来源:http://www.usatoday.com/news/education/2008-11-10- 作者:Mary Beth Marklein 时间:2008-11-13 Tag:college   student   education   点击:

Image: Chris Smith, in 2007 a sophomore at Ohio Dominican University, looks at his blog in his dorm room in Columbus, Ohio. Smith has been unafraid to hide his preference for playing baseball over going to class or criticizing professors for assigning too much homework. Many students who come to class unprepared still end up with A's, a new survey shows.

By Kiichiro Sato, AP

 

College students 'get away with' poor preparation


Nearly one in five college seniors and 25% of freshmen say they frequently come to class without completing readings or assignments, a national survey shows. And many of those students sa y they mostly still get A's.

The survey doesn't address whether those students are lazy, busy, intimidated, bored or geniuses. But it supports other studies that suggest a gap between what college professors expect from students and what students actually do.

 "College learning is a two-way street," says Indiana University associate professor Alexander McCormick, director of the National Survey of Student Engagement, which conducted the study. "The purpose here is not to dump on faculty, but when a substantial chunk of students come to class unprepared, it suggests that they can get away with it."


The findings, out today, are based on surveys this spring of nearly 380,000 randomly selected freshmen and seniors at 722 four-year colleges. Participating schools generally reflect the diversity of U.S. higher education.

Colleges use the survey to help evaluate the quality of their undergraduate education. Among findings:

• Students report spending about 31/2 hours a week preparing for each class. That's about half what instructors expect from a typical student.

• 59% of seniors and 55% of freshmen said they frequently worked harder than they thought they could to meet an instructor's standards.

• Of those who frequently didn't do homework, 29% of freshmen and 36% of seniors got mostly A's.

Those findings echo observations of Northern Arizona University anthropology professor Cathy Small, who spent a year living in a dorm and attending classes alongside freshmen as part of research for a 2005 book.

Many students cut corners as a way of managing the demands of student life, when "there were no consequences and no rewards for doing or not doing" homework, she says.

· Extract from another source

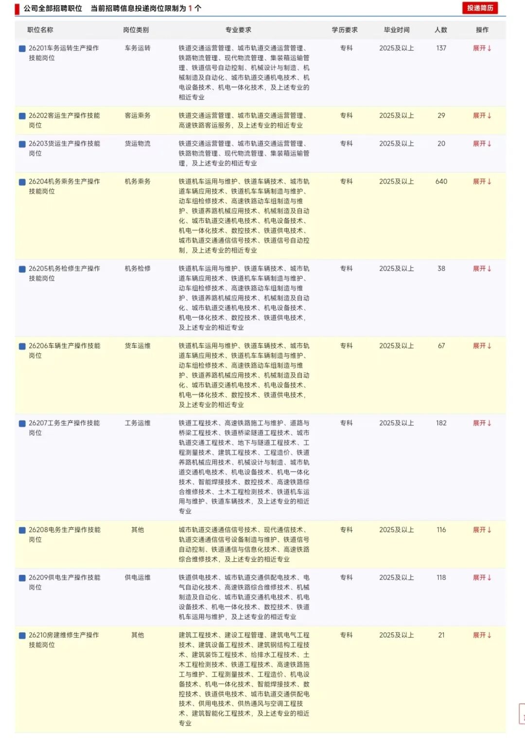 3.学历、专业等符合招聘岗位要求,所学专业为铁路专业方向,所学课程包含铁路相关课程。

Small has since cut back on required reading and ties homework directly to discussions, quizzes or exams. "Part of accountability meant you created readings that were realistic in terms of the goals of the class."

 

READERS:

1. Do you think professors assign more or less work than they used to? Why might today's college students be skipping assignments? Do or did you?

2. If you are a faculty, what would you do with reading assignments? If you are a student, what would you like the assignments to be?

 

Vocabulary

1) get away with:  to escape the consequences of (a blameworthy act, for example):
逃避:逃避(如应受批评的行为的)后果:

 e.g. College students 'get away with' poor preparation.

 2)  timid adj. 胆怯的

  intimidate:to fill with fear, to make timid  

  e.g. The survey doesn't address whether those students are lazy, busy, intimidated, bored or geniuses.

3) dump on: (slang) to criticize another severely

   e.g. The purpose here is not to dump on faculty...

4) chunk: a substantial amount, a lot of 很多

   e.g. ...a substantial chunk of students come to class unprepared...

5) diversity 多样化

   e.g. Participating schools generally reflect the diversity of U.S. higher education.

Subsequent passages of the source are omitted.